Dosing TB drugs in Patients Receiving Dual PIs?

Kathleen E. Squires, MD


April 05, 2000


What is the correct dosage of rifabutin to use daily or biweekly as part of the 2 months' prophylaxis for a positive PPD, when the combination ritonavir/indinavir is used as part of the treatment for HIV?

Diana Franchini, MD

Response from Kathleen E. Squires, MD

As you are aware, there is the potential for significant pharmacologic interactions between the protease inhibitors and the rifamycins due to their effect on the cytochrome P-450 isoenzymes (CYP450). Protease inhibitors are substrates that can either inhibit or induce these isoenzymes (or sometimes exhibit both properties simultaneously). The rifamycins induce CYP450 and therefore can decrease blood levels of the protease inhibitors if administered concomitantly. In turn, concomitant administration of protease inhibitors may affect the blood levels of the rifamycins. Considerable caution must be used when attempting to administer these agents together.

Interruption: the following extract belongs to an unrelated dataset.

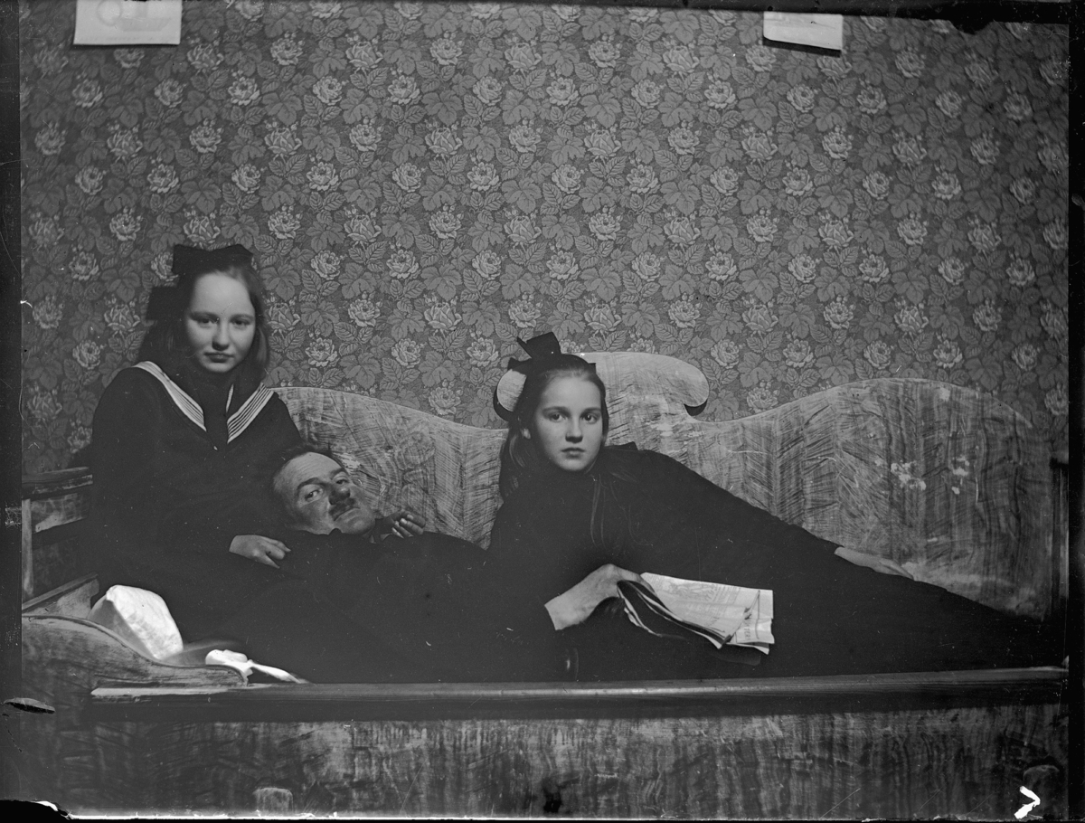 Morbror Oskar, Elsa och Märta vila i soffan.

Updated recommendations have just been published that provide guidance in this area.[1] These guidelines revise previous recommendations for the appropriate use of rifampin and rifabutin in the treatment or prophylaxis of tuberculosis in patients receiving protease inhibitor-containing regimens.

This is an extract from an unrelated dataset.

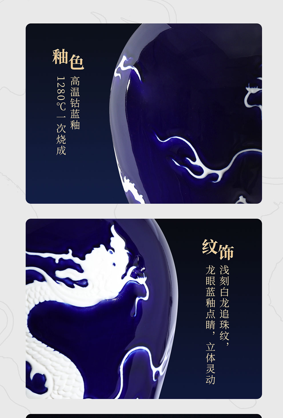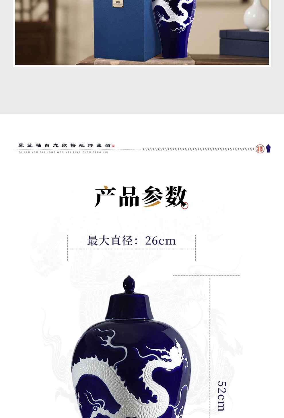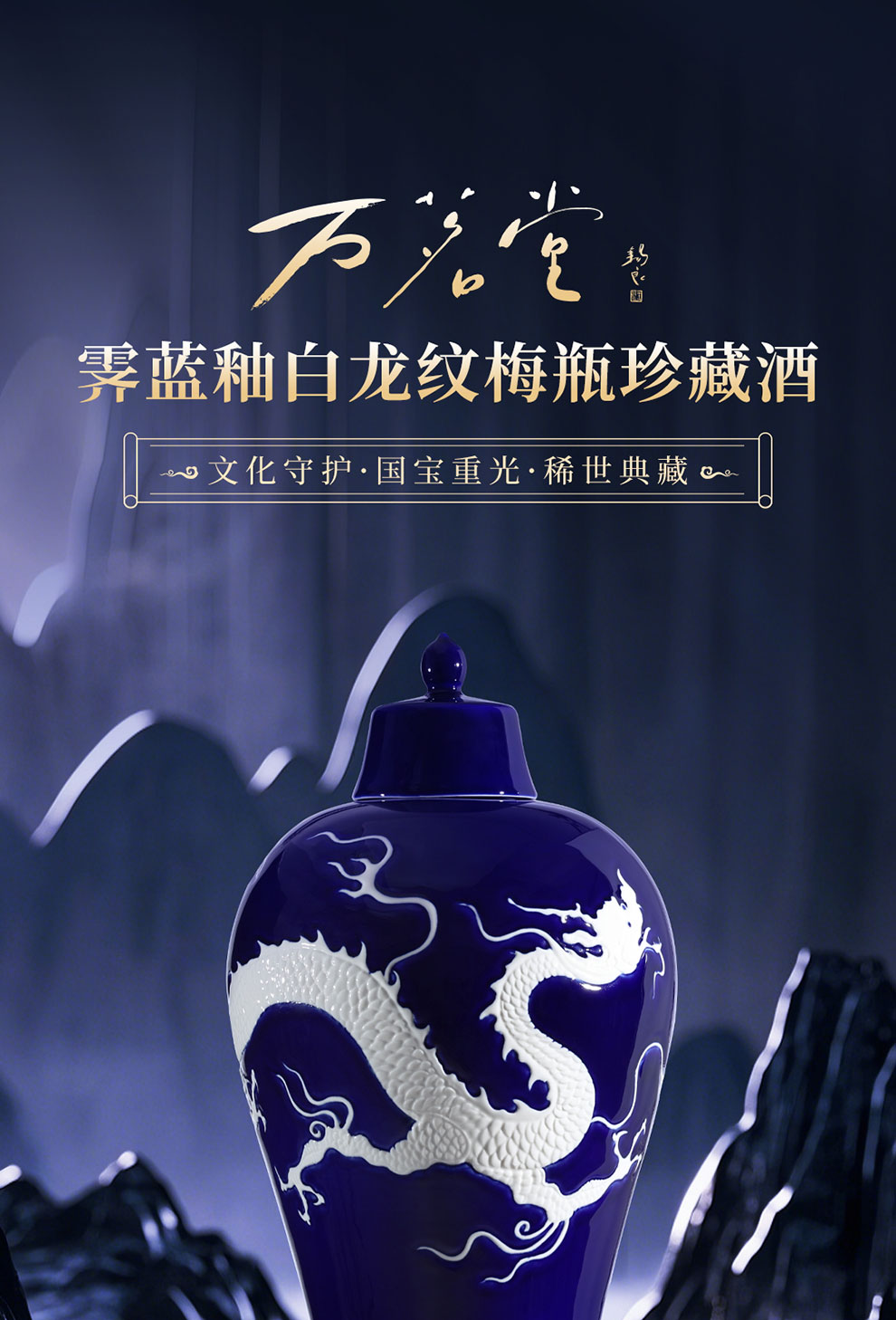 霁蓝釉白龙纹梅瓶珍藏酒 高端文创酒

Although the use of pyrazinamide and a rifamycin in 2-month regimens for prophylaxis is acknowledged, a 9-month course of isoniazid is endorsed as the preferred option in patients who are receiving protease inhibitors, because of the lack of interaction of this agent with the protease inhibitors. If you choose to use rifabutin as part of a short-course regimen, the recommended dose is 150 mg 2 or 3 times per week when administered in conjunction with a dual protease inhibitor combination containing ritonavir at doses of 100 mg to 600 mg bid. The patient will need to be monitored closely for the known toxicities associated with these agents as well as for unusual or synergistic side effects.